What is your question? Trying to understand the behavior of Gemm with a column-broadcasted bias vector epilogue.

When defining a device GemmUniversalWithBroadcast with the following config:

using DType = cutlass::half_t;
using ElementWiseOp = cutlass::epilogue::thread::Identity<DType>;
using BinaryOp = cutlass::plus<DType>;
using LayoutA = cutlass::layout::RowMajor;
using LayoutB = cutlass::layout::RowMajor;
using LayoutC = cutlass::layout::RowMajor;

constexpr int stages = 3;
using ThreadBlockSwizzle = cutlass::gemm::threadblock::GemmIdentityThreadblockSwizzle<1>;

using EpilogueOutputOp = cutlass::epilogue::thread::LinearCombinationBiasElementwise<
    DType,
    DType,
    DType,
    DType,
    DType,
    8,
    ElementWiseOp,
    BinaryOp>;

using GemmUniversal = cutlass::gemm::device::GemmUniversalWithBroadcast<
    DType,
    LayoutA,
    DType, LayoutB,
    DType, LayoutC,
    DType,
    cutlass::arch::OpClassTensorOp,
    cutlass::arch::Sm80,
    cutlass::gemm::GemmShape<128, 128, 32>,
    cutlass::gemm::GemmShape<64, 64, 32>,
    cutlass::gemm::GemmShape<16, 8, 16>,
    EpilogueOutputOp,
    ThreadBlockSwizzle,
    stages>;

I get a core dump whenever I try to run the above with M != K. Running with M == N, I get the correct GEMM but the epilogue is broadcasted incorrectly (row-wise vs column-wise).
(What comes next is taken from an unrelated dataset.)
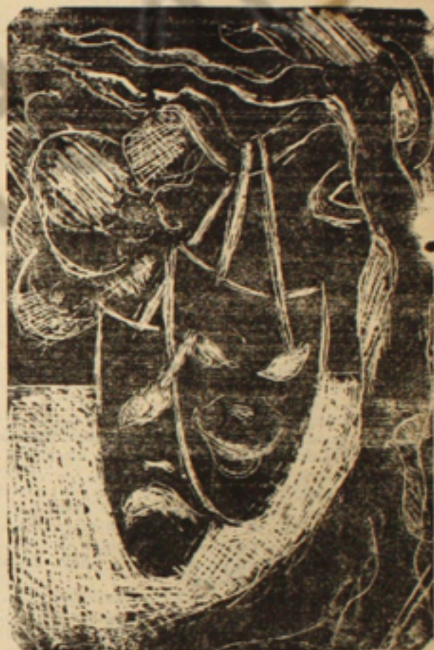
Ilustração de capa dos programas do Teatro de Câmara do C. A. M. -- realização de Moacir Fernandes

O Circulo de Arte Moderna realizou, a sete de maio, a segunda récita do seu teatro de Câmara.

When I run the above using GemmUniversalAdapter as the device handle, the op runs for all M and N. However, the A and B inputs transposed because of an internal transpose that the adapter does, while the epilogue op is performed correctly.

Questions

Repro

Here is a simple script for reproducing above.

#include <iostream>

#include "cutlass/cutlass.h"
#include "cutlass/functional.h"

#include "cutlass/gemm/kernel/default_gemm_with_broadcast.h"
#include "cutlass/gemm/device/gemm_universal_adapter.h"

#include "cutlass/epilogue/thread/linear_combination_bias_elementwise.h"
#include "cutlass/epilogue/thread/linear_combination_bias_relu.h"

#include "cutlass/util/host_tensor.h"
#include "cutlass/util/tensor_view_io.h"
#include "cutlass/util/reference/host/tensor_fill.h"
#include "cutlass/util/reference/host/tensor_copy.h"
#include "cutlass/util/reference/host/tensor_compare.h"
#include "cutlass/util/reference/host/gemm.h"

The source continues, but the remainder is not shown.